Stress-SGX is described in more detail in the associated paper "Stress-SGX: Load and Stress your Enclaves for Fun and Profit", to appear in the proceedings of the 6th Edition of The International Conference on NETworked sYStems (NETYS 2018).
For evaluation and demonstration purposes, we developed a collection of scripts that are able to deploy multiple jobs, with respect to a trace. Our demonstrator uses the Google Borg Trace. The trace was recorded in 2011 on a Google cluster of about machines. The nature of the jobs in the trace is undisclosed. We are not aware of any publicly available trace that would contain SGX-enabled jobs. Therefore, we arbitrarily designate a subset of trace jobs as SGX-enabled. Our scripts are able to insert various percentages of SGX jobs in the system.
The trace reports several metrics measured for the Google jobs. We extract the following metrics out of it: submission time, duration, assigned memory and maximal memory usage. The submission time is crucial to model the same arrival pattern of the jobs in our cluster. The run time of each job matches exactly the one reported in the trace. We use the assigned memory as the value advertised to Kubernetes when submitting the job to the system. However, the job will allocate the amount given in the maximal memory usage field. We believe this creates real-world-like behaviour w.r.t. the memory consumption advertised on creation compared to the memory that is actually used.

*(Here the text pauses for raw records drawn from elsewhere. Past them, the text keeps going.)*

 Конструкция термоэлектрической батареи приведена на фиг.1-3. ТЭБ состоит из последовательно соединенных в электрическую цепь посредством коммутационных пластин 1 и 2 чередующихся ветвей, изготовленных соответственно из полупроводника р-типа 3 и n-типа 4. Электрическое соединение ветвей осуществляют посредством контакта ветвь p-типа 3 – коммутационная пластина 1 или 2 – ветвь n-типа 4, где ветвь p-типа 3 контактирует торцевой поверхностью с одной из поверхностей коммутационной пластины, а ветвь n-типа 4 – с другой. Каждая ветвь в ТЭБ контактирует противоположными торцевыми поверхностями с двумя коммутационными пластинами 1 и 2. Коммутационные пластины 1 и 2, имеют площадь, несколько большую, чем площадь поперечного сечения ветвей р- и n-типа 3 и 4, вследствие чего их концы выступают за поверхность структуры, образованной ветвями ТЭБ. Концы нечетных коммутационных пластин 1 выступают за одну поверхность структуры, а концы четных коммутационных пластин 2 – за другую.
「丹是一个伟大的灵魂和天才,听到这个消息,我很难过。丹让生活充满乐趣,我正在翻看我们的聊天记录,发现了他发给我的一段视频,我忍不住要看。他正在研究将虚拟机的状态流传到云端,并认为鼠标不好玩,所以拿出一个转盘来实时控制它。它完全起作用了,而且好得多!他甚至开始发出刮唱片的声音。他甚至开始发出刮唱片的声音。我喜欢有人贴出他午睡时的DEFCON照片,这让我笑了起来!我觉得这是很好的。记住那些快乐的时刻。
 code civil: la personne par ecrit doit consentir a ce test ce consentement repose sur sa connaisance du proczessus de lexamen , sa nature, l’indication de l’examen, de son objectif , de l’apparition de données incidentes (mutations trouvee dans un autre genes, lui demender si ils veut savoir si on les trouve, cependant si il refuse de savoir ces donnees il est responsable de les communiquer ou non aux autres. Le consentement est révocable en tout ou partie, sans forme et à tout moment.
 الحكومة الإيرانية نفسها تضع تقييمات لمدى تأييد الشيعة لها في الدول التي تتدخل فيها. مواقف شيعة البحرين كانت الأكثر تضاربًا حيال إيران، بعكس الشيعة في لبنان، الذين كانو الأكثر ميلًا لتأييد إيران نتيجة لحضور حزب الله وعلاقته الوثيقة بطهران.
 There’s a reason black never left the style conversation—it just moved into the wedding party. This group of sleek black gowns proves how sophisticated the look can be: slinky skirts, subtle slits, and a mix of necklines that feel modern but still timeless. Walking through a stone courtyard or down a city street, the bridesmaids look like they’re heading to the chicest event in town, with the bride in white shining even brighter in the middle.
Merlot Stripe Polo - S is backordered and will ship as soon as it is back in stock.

The trace specifies the memory usage of each job as a percentage of the
total memory available on Google's servers (without actually reporting
the absolute values). In our experiments, we set the memory usage of
SGX-enabled jobs by multiplying the memory usage factor obtained from
the trace to the total usable size of the EPC (93.5 MiB in our case). As
for standard jobs, we compute their memory usage by multiplying them to
32 GiB. We think that it yields amounts that match real-world values.
These numbers are defined in runner/runner.py
as epc_size_pages
and memory_size_bytes
.
Given the size of Google's cluster, we have to scale down the trace before being able to replay it on our own cluster setup. Our scripts can skip every nth job in the trace to bring it down to a reasonable number of jobs.
In the runner
directory, there are 2 scripts that can be used to
launch a batch of processes: runner.py
and superrunner.py
.
runner.py
is the base script; it launches multiple jobs fetched from
the trace. superrunner.py
uses runner.py
to launch multiple
experiments back-to-back, and makes use of our results-parser
to
produce ready-to-use data for production of plots.

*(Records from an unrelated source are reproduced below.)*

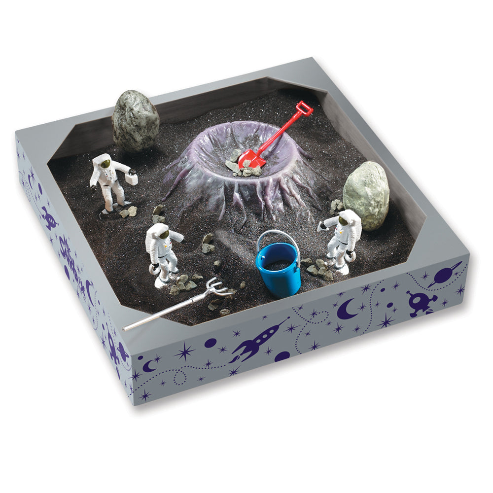 - Includes 3 astronauts, crater, digging shovel, grooming rake, collection bucket, 2 asteroids, and moon rocks.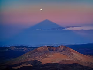 Además, la salida de la Luna coincidirá con la proyección de la sombra del Teide, mostrando una instantánea inigualable: la alargada sombra del Teide recorriendo el Parque Nacional del Teide y señalando la salida de la mayor luna llena del año.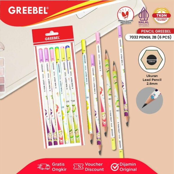 GREEBEL Pensil Tulis 2B 7032 Fun Fruite (6PCS/SET) Pensil Kayu Ujian / Pencil Grafit Graphite / Pensil Gambar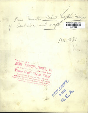 1941 Press Photo Prime Minister Robert Gordon Menzies of Australia and wife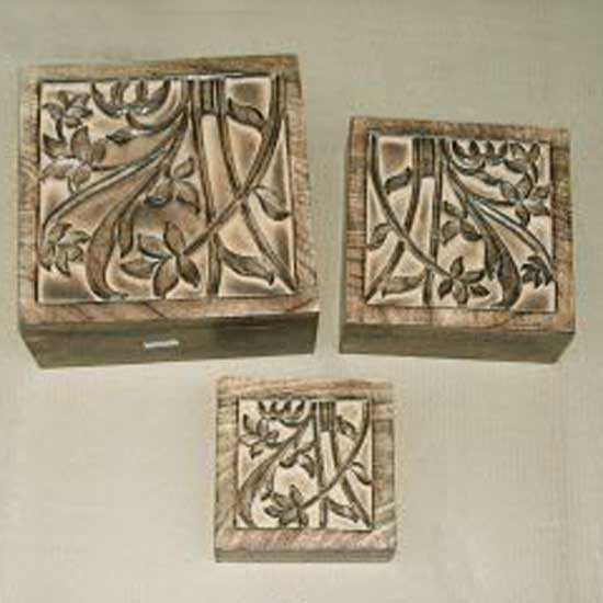 This nested box set includes three wooden boxes in square shapes. Each is adorned with beautifully carved floral patterns for a natural touch. The nested boxes are exquisite storage mediums.
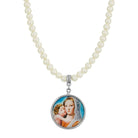 Symbols Of Faith 5mm Faux Pearl Strand Round Madonna and Child Pendant Necklace 15" + 3" Extender
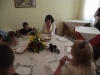 Penktadienį gimnazijos mokytojai rinkosi Technologijų cente į Velykines amatų dirbtuvėles ir vašku margino kiaušinius, dažė paruoštais juodalksnio nuoviro dažais „gelžūniais“.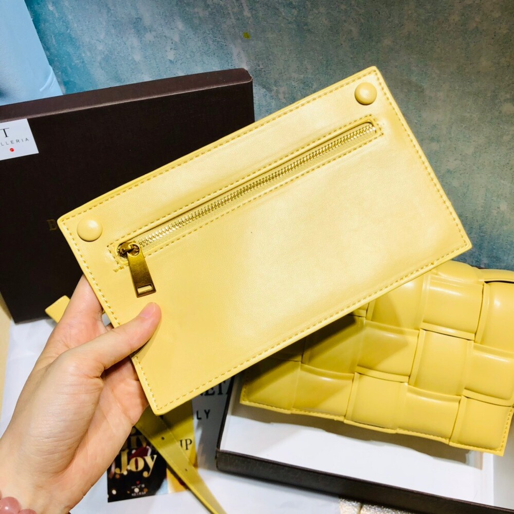 [Bottega veneta dfs galleria] Bv woven pillow bag, leather 100% nappa leather, yellow, size: 22x15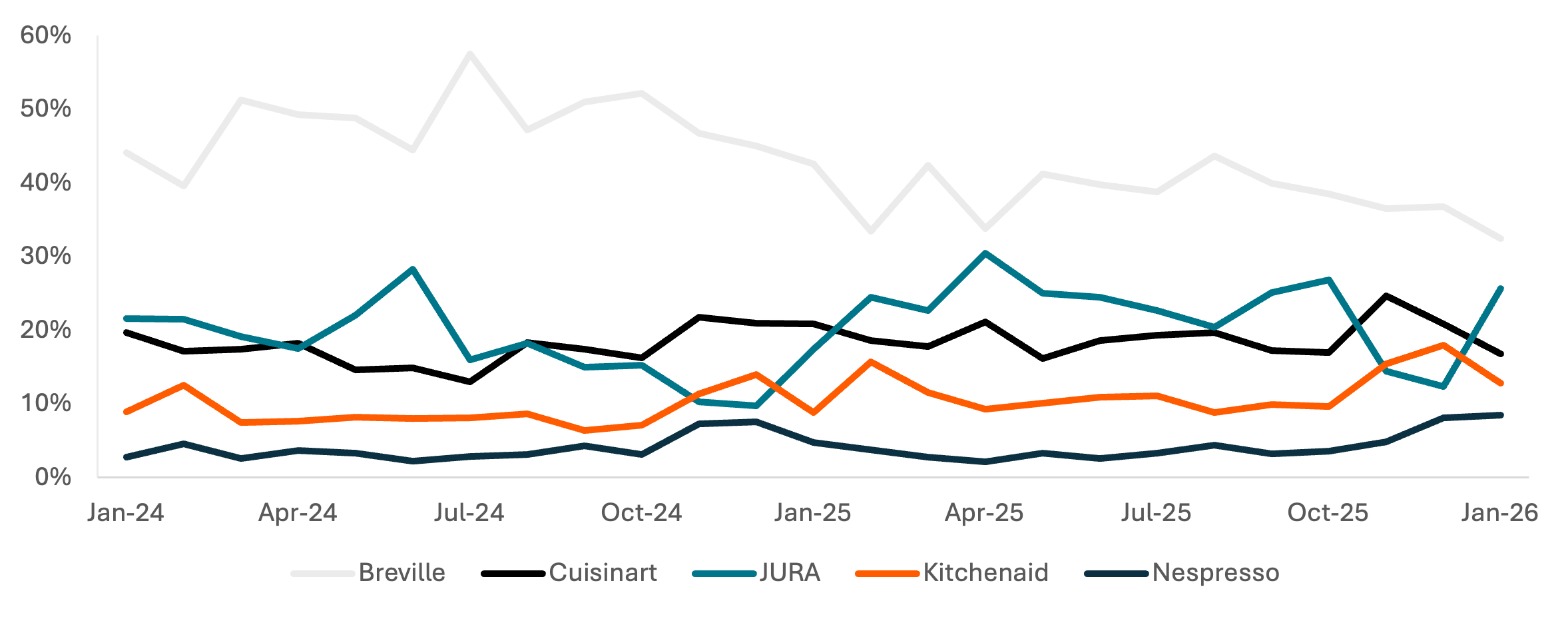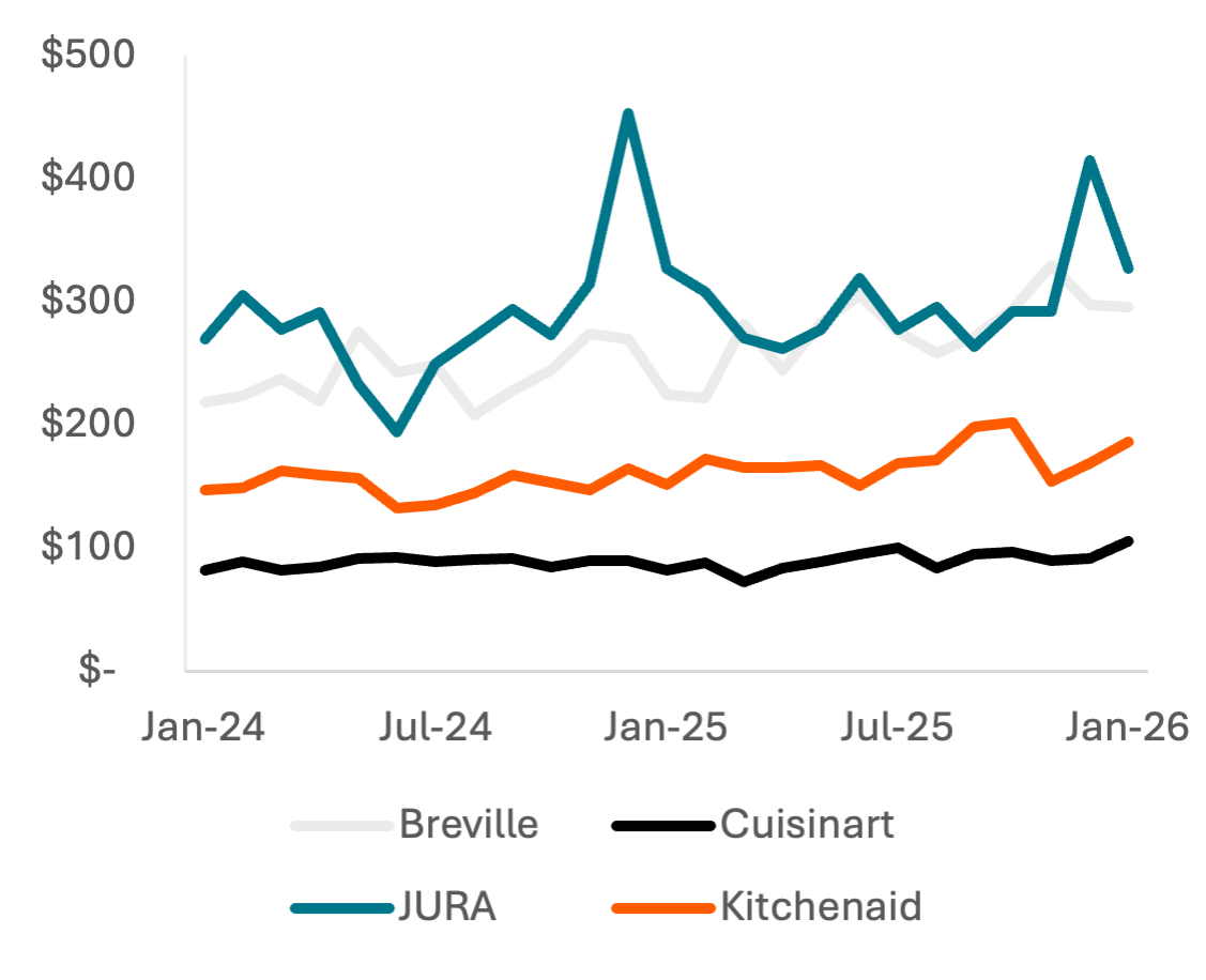 Nearly half of electric or "appliance" products sold in 2024 were made by Breville, but Breville lost market share to Kitchenaid, Cuisinart, and JURA in 2025. JURA and Breville are similarly-priced brands but the surge in popularity for Kitchenaid and Cuisinart indicates a desire to trade-down to more-affordable options. On average, Breville and Cuisinart lost a combined 4.6 pp of market share vs. 2024 in each month of 2025, with larger share losses at the height of "reciprocal tariffs" in the summer and during the holiday season.

We provide the subset of the Google Borg trace (from 6480s to 10080s) that we used to perform the experiments presented in our paper.
You can find the data in the runner/trace/task_1h.csv.xz
compressed file.
The file must be uncompressed before it can be given to the experiments runner.
The scripts can be run on any machine that is configured with the cluster's API endpoint in its kubectl configuration. Therefore, there is no building needed. The dependencies needed for the scripts can be installed using a Python virtual environment as follows:
cd runner
virtualenv -p /usr/bin/python3.6 --distribute .venv
. ./.venv/bin/activate
pip install -r requirements.txt
runner.py
accepts the following options:
usage: runner.py [-h] [-s [SCHEDULER]] [-k [SKIP]] [-x [SGX]] [-o [OUTPUT]] trace
Experiments runner
positional arguments:
trace Trace file to use
optional arguments:
-h, --help show this help message and exit
-s [SCHEDULER], --scheduler [SCHEDULER]
Name of the custom scheduler to use
-k [SKIP], --skip [SKIP]
Skip every nth job
-x [SGX], --sgx [SGX]
Proportion of SGX jobs between 0 (no SGX) and 1 (all SGX)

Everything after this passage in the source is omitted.